After lunch a few people are napping in hammocks set up by our guides, and most of us are lazing about. Our group is the muddiest by quite a measure, I guess the other groups stuck to the trail. Fifty, however, is still spotless except for small patches of red dirt on his boots. Yonnicka and I are dying for a wee, but there's no facilities and we're too scared of jungle creatures to venture out on our own. We hike for another 45 minutes - on a trail! - back to the truck.

On our way to the waterfall, our next stop, we see a family of Samba deer and a group of red butt baboons causing trouble by the side of the road. The king is eating a corn cob and smiling at us smugly. A smaller monkey rises up on his back legs, hoping we have some food for him. At the waterfall we are on our own. There's a bathroom - oh glory! Our truck takes a wander down to the base of the waterfall for a few minutes of wonder at the sheer force of the drop. The falls are not tall, but very wide and come crashing down to 90 centimeters of pool at the bottom, surging back up with almost as much force. There's no swimming here, and I can see why. The pool is rocking with waves and full of big boulders, and is very shallow. A few tourists die here every year jumping from the top without checking the depth at the bottom. The view is gorgeous. Vines draped romantically, moss and ivy clinging to the trees, and the silty waterfall misting us as we watch it's anger pounded on rocks in front of us.

Back at the truck we are rewarded with cokes, and there's another pit viper chillin' in the cafeteria on the fence. We get back in the truck and cruise the forest service roads for more wildlife. Our guides start talking excitedly in the cab, and the truck lurches into full speed ahead. We are all blinking our eyes against road dust and wind, hoping we make it to our destination alive, wherever that is. We are soaring over speed bumps as if they were flat, and now follow two other trucks going the same speed to the same place. Something is going on. I wonder what they've found. Five terrifying minutes later we are looking at a family of nine wild elephants sauntering lazily down the road.

The elephants are beautiful. Large, but not quite as big as regular zoo elephants. Jungle elephants are more compact for getting through the foliage. There are two females, one scrappy male in training (his tusks are just poking through and he's smaller than the females at three years old), and a group of younger baby elephants. There are several cars both behind the herd and in front, and all move slowly with the elephants so their movement is not impeded.

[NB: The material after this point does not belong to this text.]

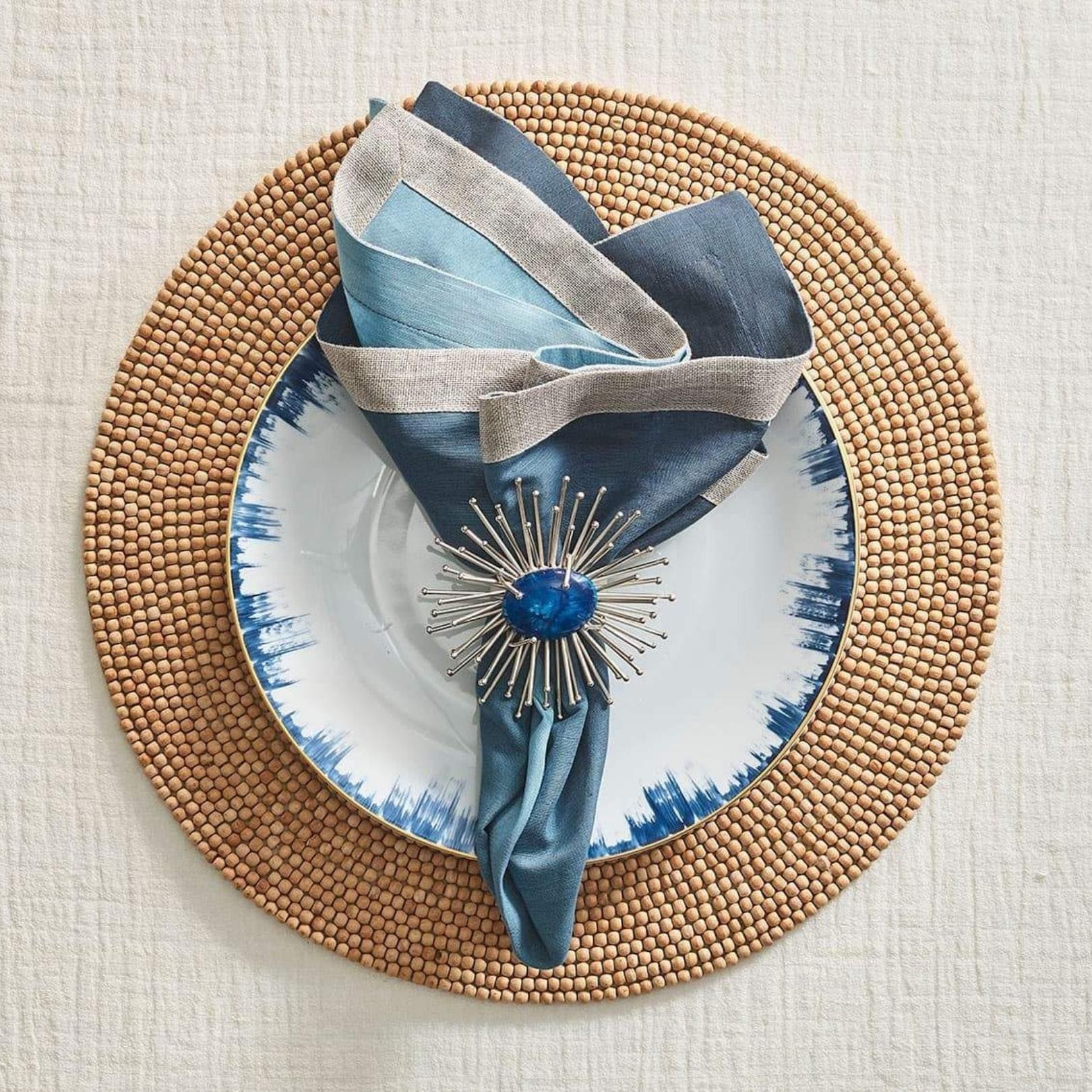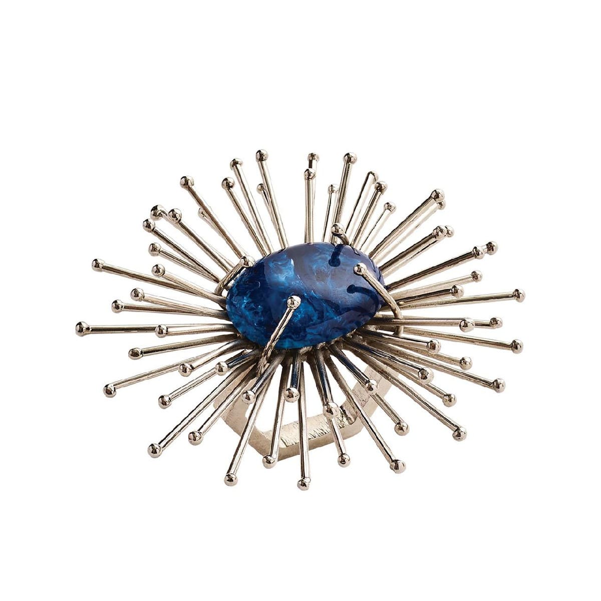 The handmade, silver Flare Napkin Ring is a metallic burst of energy. Each spoke of this silver napkin ring is meticulously welded and bent to create the unique shape. The silver napkin ring features hand-applied metallic paint and quartz and malachite replica center stones. Add a pop of zest to any table with this gold napkin ring.

A few times a car zooms past the elephants from behind and scares one of the babies, causing it to trumpet in surprise. The overall effect is one of sadness at the lives forced upon these creatures. They are like celebrities who can't escape the menacing hold of the paparazzi, forced to live in a bizarre confinement. Every so often the male is pissed off by a car and makes to charge it, speeding up his gait and letting out a low, grumbling trumpet. Our own truck gets quite close to the elephants a few times and the male tried to charge us once and Fifty was, for the first time, visibly shaken by the wild. He takes elephants quite seriously and tells us a few stories about them charging cars, crushing the hoods, and even picking up motorbikes with their trunk. They are dangerous, unpredictable creatures. Though I would take one of these beauties over a pit viper if given a choice.

The excitement of the elephant sighting is the perfect end to our jungle trek, and the ride home is silent as we all contemplate the mark the jungle has left on each of us.